После третьей смены я вернулся в общежитие. Ко мне приехала представительница Ленинградского Дворца пионеров с предложением написать книгу об опыте работы: как из расхристанной, неорганизованной толпы пацанов, в том числе трудных подростков (были у меня и такие – изгнанные из старшего отряда), удалось сделать дисциплинированный монолит с интересной жизнью. Я не знал, что назвать опытом? Ежедневные – два-три дня в начале каждой смены – тренировки за пределами лагеря умения ходить строем? Строгим, чётким строем. Проведение каждый вечер отрядной “линейки” после общелагерной. Там третий отряд хвалили, а здесь я отмечал своих героев и порицал своих нарушителей. Да и как вложить в небольшую книжку весь объём страстной жизни, которая была у меня три месяца? Я отказался, надеясь когда-нибудь написать о роли дисциплины для формирования разностороннего человека.
А тогда я пришёл в детский сад за Андреем и, проходя мимо гомонящей пацанвы, спросил: “Ребята, где Андрей Щепоткин?” То, что услышал, поразило меня. “Андрей! Щепота! За тобой папа пришёл!” – раздались крики. Я остолбенел. Двадцать пять лет назад за 1250 километров отсюда так же звали меня, сделав из непростой фамилии такую кличку. Я обижался за неё на старших пацанов, дрался с ровесниками, но отбиться от неё не смог. Помню тёплый сентябрьский вечер, – а в Сталинграде-Волгограде эта пора чудесная: уже не жарко и ещё не холодно. Мы сидим возле нашего из старых досок забора, старшие пацаны играют в карты, мы, кто поменьше, толкаемся, слушаем их разговоры. И мне вдруг так захотелось рассказать обо всём этом многим людям, что я заявил: “Вот вырасту, пацаны, большой, напишу книжку про наше детство. Будет интересней, чем “Васёк Трубачёв”. Была такая хорошая, но, по сравнению с нашей жизнью, благообразная книга: “Васёк Трубачёв и его товарищи”. Колька Бурый, раздавая карты, между делом бросил: “Пиши, Щепота, пиши”.

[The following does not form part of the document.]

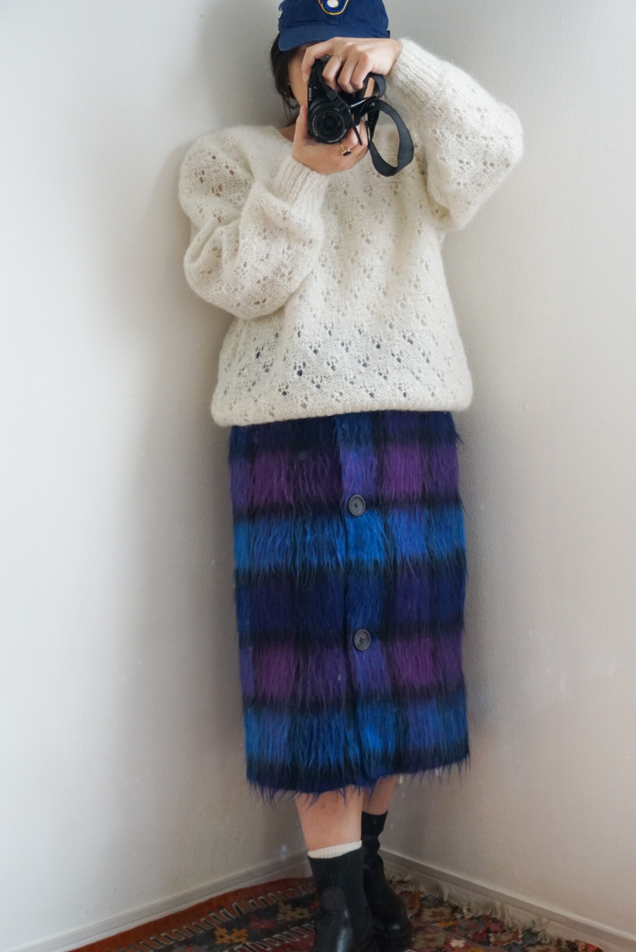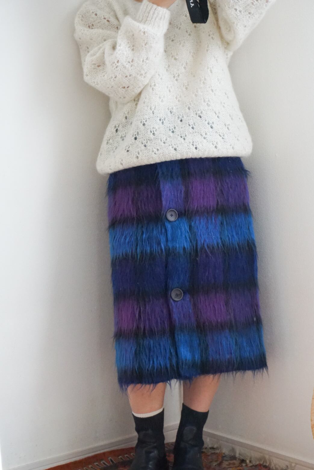 毛皮のようなふわふわカラフルでかわいいタイトロングスカート。

Мне не удалось сделать книгу. Написал только два рассказа: “Казнь С. Разина” и “Лучше б не было того табора”. Но напутствие Бурого и кличку помнил всю жизнь. И вот за четверть века от моего детства, за тридевять земель от него другие мальчишки нашли те же звуки в фамилии сына.
Получив в Ярославле квартиру, я пошёл посмотреть её. Дом был новый, недавно стал заселяться. Делали его военные строители, а про них молва была нелестная. Настораживающая оценка подтвердилась. Я пришёл в квартиру и не пойму, в чём дело. То ли с глазами непорядок, то ли со стеной что-то не так. Стена, выходящая на лестничную площадку, стояла не прямо, а под углом, под приличным углом. Поэтому я пустил шутку: ребята, приходите, у меня можно на стене поспать.

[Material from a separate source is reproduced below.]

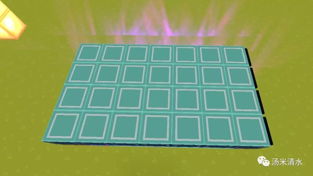 拿出扳手点击一下信号解析器,不断点击会呈现7种颜色的循环,周围再用花纹电石块、乐器方块等进行装饰。

Ну, отремонтировали, всё сделали. Начал работать. И вскоре после приезда случилось так, что мне пришлось писать фельетон.
“Леший в томате”
На границе Московской и Ярославской областей, в Переславском районе, есть (не знаю, сейчас есть или нет, скорее всего, существует) ресторан “Лесная сказка”. Он знаменит был тем, что там подавались блюда из дичи. Но это, так сказать, открытая реклама. А то, чего не знали люди, было другое. Важные гости из Москвы, попадая на территорию Ярославской области, сразу заворачивали в “Лесную сказку”. Здесь их встречали водкой, коньяком, хорошими блюдами. И уже весёлые и сытые, они ехали в Ярославль. Но расплачивалась за всё это местная птицефабрика. Я этого, конечно, не знал поначалу. Просто пришло письмо, что в “Лесной сказке” сказочно обирают, не доливают, блюда не всегда вкусные.

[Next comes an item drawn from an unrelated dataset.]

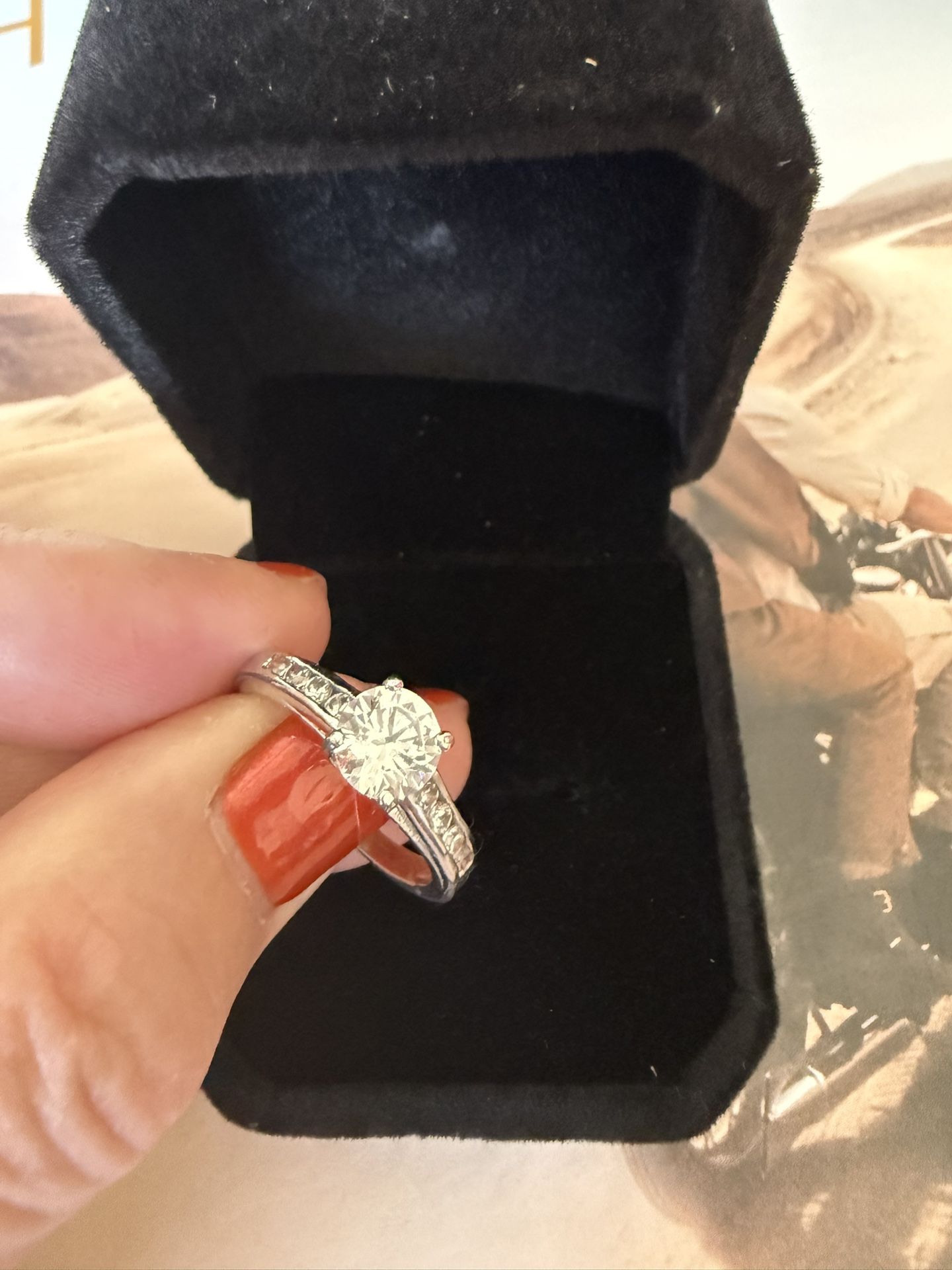14 K White Gold Ring. Size 8 Beautiful ring, unknown stones. Maybe CZ these do not test as diamonds but are gorgeous. Perfect traveling wedding ring for when you'd rather leave the real deal at home. Excellent condition, with box

Я приехал туда. Два дня перед тем не брился. Прикинулся колхозным шофёром. Заказал много всего, мне принесли, в том числе водку. Я попросил официантку позвать завпроизводством. Пришёл мужчина. Я представился ему. Стали изучать, что принесли. Оказался большой недолив водки. А мясо изюбря было настолько жёстким, что я сказал: это у вас пятка лешего, а не изюбрь. Кстати говоря, так родился заголовок “Леший в томате”. Раскрутил я всё это дело. И вдруг слышу: зачем вы наш ресторан трогаете, он у нас начальственный. Так я выявил, что за все эти обеды, ужины для руководящих гостей расплачивается местная птицефабрика.
На фельетон, конечно, обратили внимание в обкоме партии. Говорят, дошло до первого секретаря обкома партии Лощенкова. Ведь, по сути дела, я вскрыл тайную бухгалтерию.
Иванов, прочитав его, сразу поставил в номер. При этом сказал: ну, Вячеслав Иванович, нам с тобой туда ездить не надо пока, а то плюнут в борщ.
Как человеку честолюбивому, мне нравилось, что меня и тут хвалили на “летучках”, отмечали материалы. Но я понимал, что для некоторых моих коллег это неприятно, это вызывает у них ощущение зубной боли.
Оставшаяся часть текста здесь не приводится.